ARM Cortex M3：原子写入(ARM Cortex M3: Atomic Writes)

ARM Cortex M3：原子写入(ARM Cortex M3: Atomic Writes)

我正在ARM Cortex-M3架构（LPC1769）上开发一个共享数据库，我想知道我是否需要互斥锁或锁定写入。

是32位浮点读/写原子？

- 编辑 - 我为uint32_t和float的写函数添加了反汇编：

00000000 <setSharedDataUint>: 0: b480 push {r7} 2: b083 sub sp, #12 4: af00 add r7, sp, #0 6: 4603 mov r3, r0 8: 6039 str r1, [r7, #0] a: 71fb strb r3, [r7, #7] c: 79fb ldrb r3, [r7, #7] e: 4a05 ldr r2, [pc, #20] ; (24 <setSharedDataUint+0x24>) 10: 00db lsls r3, r3, #3 12: 4413 add r3, r2 14: 683a ldr r2, [r7, #0] 16: 605a str r2, [r3, #4] 18: 370c adds r7, #12 1a: 46bd mov sp, r7 1c: f85d 7b04 ldr.w r7, [sp], #4 20: 4770 bx lr 22: bf00 nop 24: 00000000 .word 0x00000000 24: R_ARM_ABS32 .bss.dataArray 00000000 <setSharedDataFloat>: 0: b480 push {r7} 2: b083 sub sp, #12 4: af00 add r7, sp, #0 6: 4603 mov r3, r0 8: 6039 str r1, [r7, #0] a: 71fb strb r3, [r7, #7] c: 79fb ldrb r3, [r7, #7] e: 4a05 ldr r2, [pc, #20] ; (24 <setSharedDataFloat+0x24>) 10: 00db lsls r3, r3, #3 12: 4413 add r3, r2 14: 683a ldr r2, [r7, #0] 16: 605a str r2, [r3, #4] 18: 370c adds r7, #12 1a: 46bd mov sp, r7 1c: f85d 7b04 ldr.w r7, [sp], #4 20: 4770 bx lr 22: bf00 nop 24: 00000000 .word 0x00000000 24: R_ARM_ABS32 .bss.dataArray

它们看起来相同，这使我假设32位浮点写也是原子的

I'm developing a shared data library on a ARM Cortex-M3 architecture (LPC1769) and I'm wondering if I need mutexes or locking around the writes.

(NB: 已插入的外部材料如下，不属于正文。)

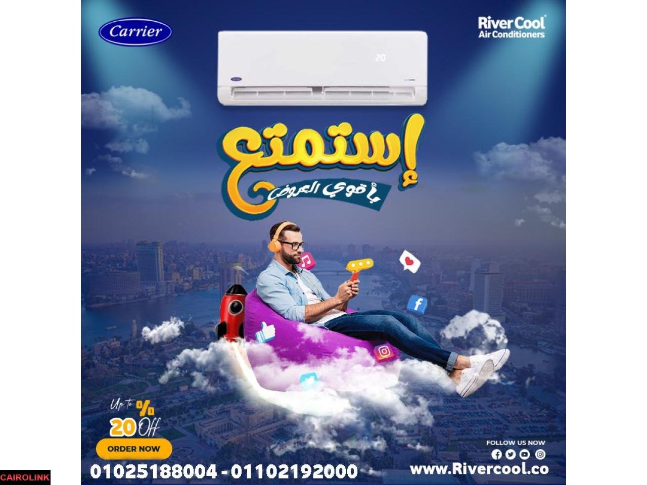 مستني إيه؟ مع ريفـر كول اطلب تكييف كاريير اوبتيماكس برو دلوقتي وهيجيلك للبيت بسهولة وسرعة.

Is a 32 bit float read/write atomic?

-- EDIT -- I added the disassembly for a write function for a uint32_t and a float:

00000000 <setSharedDataUint>: 0: b480 push {r7} 2: b083 sub sp, #12 4: af00 add r7, sp, #0 6: 4603 mov r3, r0 8: 6039 str r1, [r7, #0] a: 71fb strb r3, [r7, #7] c: 79fb ldrb r3, [r7, #7] e: 4a05 ldr r2, [pc, #20] ; (24 <setSharedDataUint+0x24>) 10: 00db lsls r3, r3, #3 12: 4413 add r3, r2 14: 683a ldr r2, [r7, #0] 16: 605a str r2, [r3, #4] 18: 370c adds r7, #12 1a: 46bd mov sp, r7 1c: f85d 7b04 ldr.w r7, [sp], #4 20: 4770 bx lr 22: bf00 nop 24: 00000000 .word 0x00000000 24: R_ARM_ABS32 .bss.dataArray 00000000 <setSharedDataFloat>: 0: b480 push {r7} 2: b083 sub sp, #12 4: af00 add r7, sp, #0 6: 4603 mov r3, r0 8: 6039 str r1, [r7, #0] a: 71fb strb r3, [r7, #7] c: 79fb ldrb r3, [r7, #7] e: 4a05 ldr r2, [pc, #20] ; (24 <setSharedDataFloat+0x24>) 10: 00db lsls r3, r3, #3 12: 4413 add r3, r2 14: 683a ldr r2, [r7, #0] 16: 605a str r2, [r3, #4] 18: 370c adds r7, #12 1a: 46bd mov sp, r7 1c: f85d 7b04 ldr.w r7, [sp], #4 20: 4770 bx lr 22: bf00 nop 24: 00000000 .word 0x00000000 24: R_ARM_ABS32 .bss.dataArray

They look identical which makes me assume that the 32-bit float write is also atomic

最满意答案

有关详细信息，请参阅“ 体系结构参考手册 ”：简而言之，任何对齐的 32位内存访问都是原子的，因为结果是旧值的全部4个字节，或新值的所有4个字节，并且从不混合两个。 未对齐的访问没有此保证。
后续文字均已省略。